• _Goal of the exercise_:
Please give back word for word the lines of the material below between the line containing "Members of the" and the line containing "South Island ~", inclusive.

• _Information_:
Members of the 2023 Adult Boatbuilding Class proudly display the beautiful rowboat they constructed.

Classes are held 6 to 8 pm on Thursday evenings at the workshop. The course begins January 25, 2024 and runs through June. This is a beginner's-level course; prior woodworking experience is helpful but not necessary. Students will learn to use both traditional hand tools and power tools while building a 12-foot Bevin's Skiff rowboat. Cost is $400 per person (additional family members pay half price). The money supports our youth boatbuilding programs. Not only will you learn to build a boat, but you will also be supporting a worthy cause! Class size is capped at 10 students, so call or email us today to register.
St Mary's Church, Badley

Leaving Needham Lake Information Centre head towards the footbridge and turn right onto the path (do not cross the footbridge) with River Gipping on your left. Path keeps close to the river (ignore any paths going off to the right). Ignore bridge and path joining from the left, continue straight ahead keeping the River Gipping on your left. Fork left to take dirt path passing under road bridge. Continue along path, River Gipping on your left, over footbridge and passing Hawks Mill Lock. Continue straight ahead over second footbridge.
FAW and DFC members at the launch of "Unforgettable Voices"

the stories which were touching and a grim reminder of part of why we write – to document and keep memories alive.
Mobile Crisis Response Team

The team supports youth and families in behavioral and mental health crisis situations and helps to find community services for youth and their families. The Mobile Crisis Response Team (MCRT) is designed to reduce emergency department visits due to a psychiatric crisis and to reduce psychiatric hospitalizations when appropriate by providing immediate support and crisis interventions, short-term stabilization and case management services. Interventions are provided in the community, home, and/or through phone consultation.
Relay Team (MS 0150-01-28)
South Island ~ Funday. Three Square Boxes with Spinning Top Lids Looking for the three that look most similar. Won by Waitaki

--

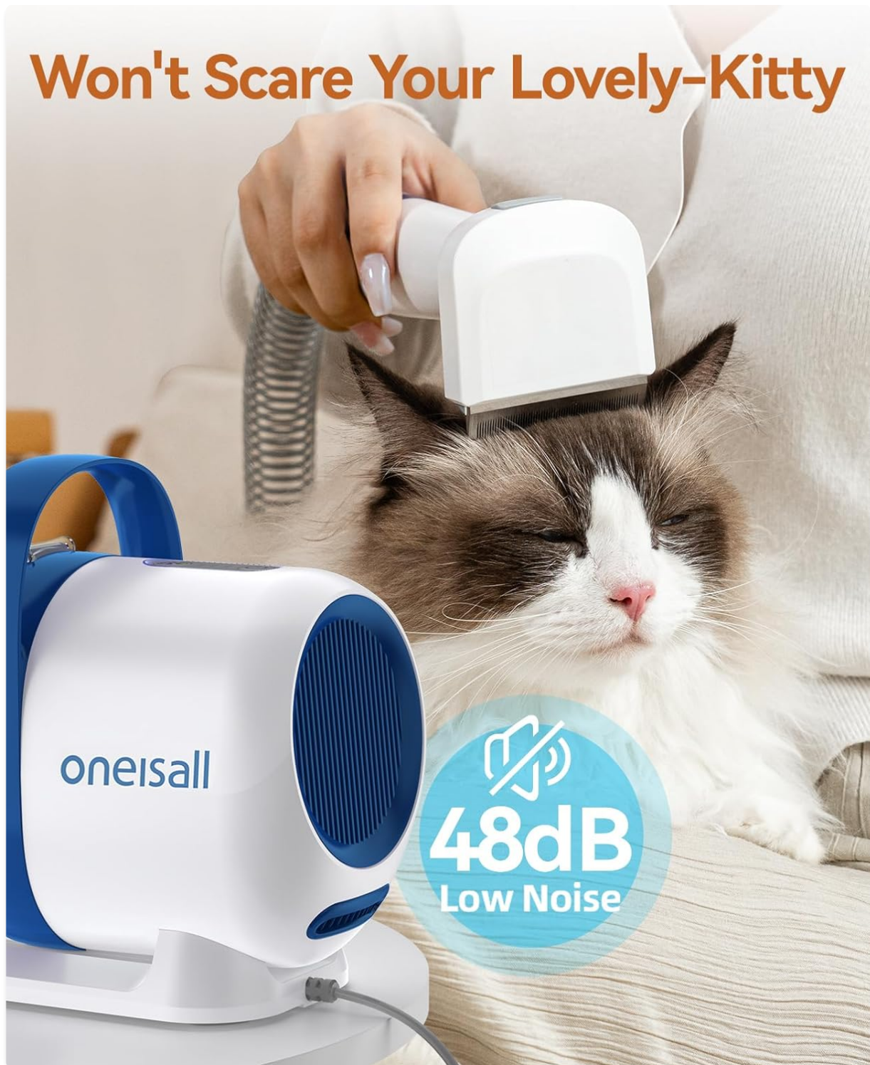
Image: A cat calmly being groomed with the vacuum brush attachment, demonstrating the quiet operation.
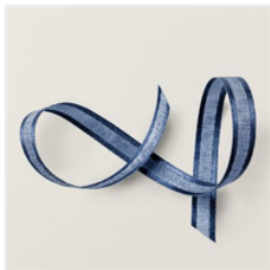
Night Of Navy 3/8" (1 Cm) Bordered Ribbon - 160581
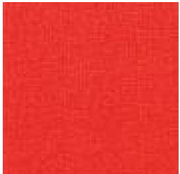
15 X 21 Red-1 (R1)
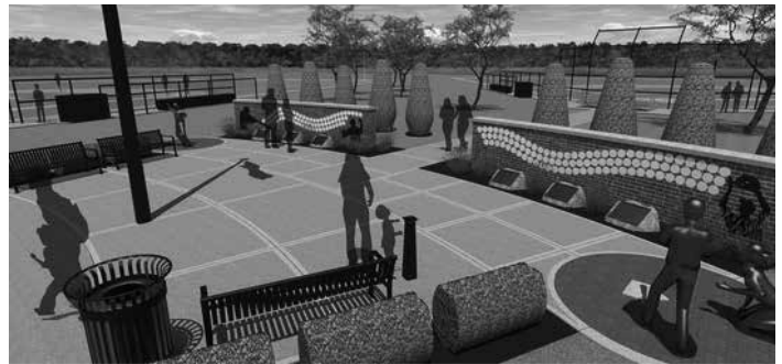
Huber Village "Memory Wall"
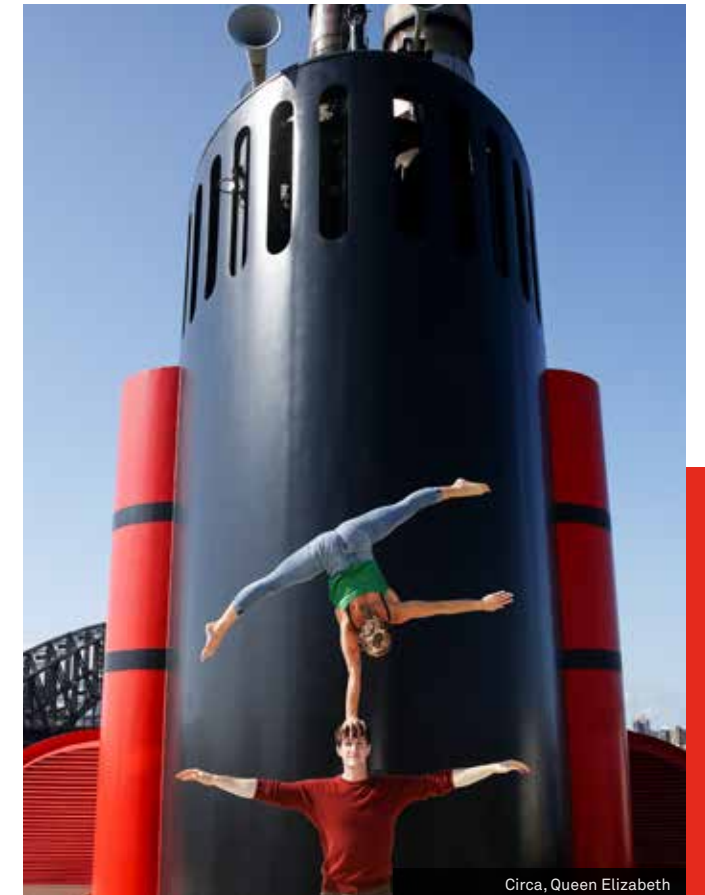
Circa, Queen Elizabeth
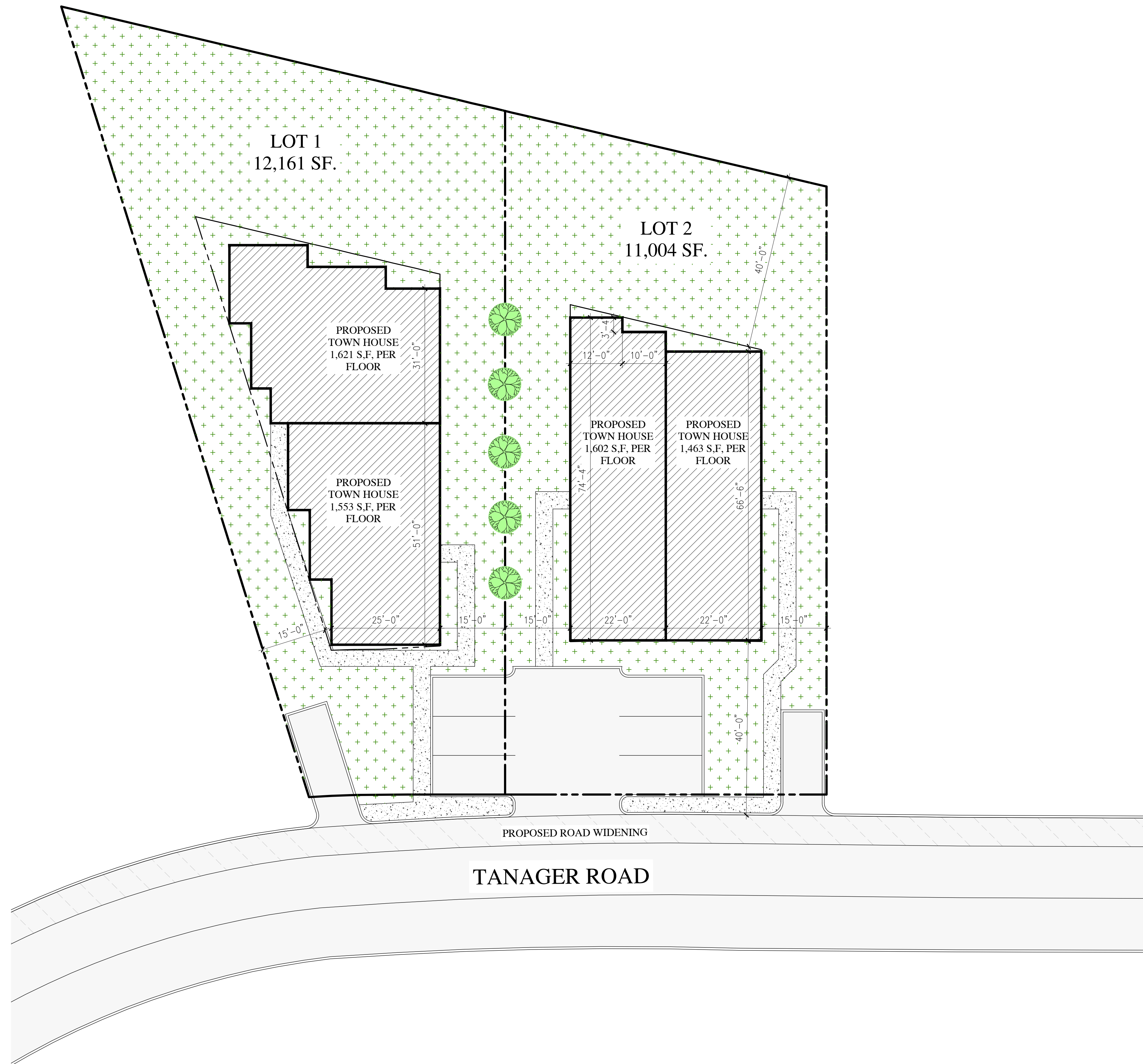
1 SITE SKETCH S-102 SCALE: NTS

* * *

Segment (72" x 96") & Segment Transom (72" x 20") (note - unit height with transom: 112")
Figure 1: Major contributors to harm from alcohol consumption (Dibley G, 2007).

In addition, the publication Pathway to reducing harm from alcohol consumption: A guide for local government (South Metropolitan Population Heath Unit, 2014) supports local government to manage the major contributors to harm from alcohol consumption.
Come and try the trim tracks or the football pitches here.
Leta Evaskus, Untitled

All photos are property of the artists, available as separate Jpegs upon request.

• _Response area_:
Members of the 2023 Adult Boatbuilding Class proudly display the beautiful rowboat they constructed.

Classes are held 6 to 8 pm on Thursday evenings at the workshop. The course begins January 25, 2024 and runs through June. This is a beginner's-level course; prior woodworking experience is helpful but not necessary. Students will learn to use both traditional hand tools and power tools while building a 12-foot Bevin's Skiff rowboat. Cost is $400 per person (additional family members pay half price). The money supports our youth boatbuilding programs. Not only will you learn to build a boat, but you will also be supporting a worthy cause! Class size is capped at 10 students, so call or email us today to register.
St Mary's Church, Badley

Leaving Needham Lake Information Centre head towards the footbridge and turn right onto the path (do not cross the footbridge) with River Gipping on your left. Path keeps close to the river (ignore any paths going off to the right). Ignore bridge and path joining from the left, continue straight ahead keeping the River Gipping on your left. Fork left to take dirt path passing under road bridge. Continue along path, River Gipping on your left, over footbridge and passing Hawks Mill Lock. Continue straight ahead over second footbridge.
FAW and DFC members at the launch of "Unforgettable Voices"

the stories which were touching and a grim reminder of part of why we write – to document and keep memories alive.
Mobile Crisis Response Team

The team supports youth and families in behavioral and mental health crisis situations and helps to find community services for youth and their families. The Mobile Crisis Response Team (MCRT) is designed to reduce emergency department visits due to a psychiatric crisis and to reduce psychiatric hospitalizations when appropriate by providing immediate support and crisis interventions, short-term stabilization and case management services. Interventions are provided in the community, home, and/or through phone consultation.
Relay Team (MS 0150-01-28)
South Island ~ Funday. Three Square Boxes with Spinning Top Lids Looking for the three that look most similar. Won by Waitaki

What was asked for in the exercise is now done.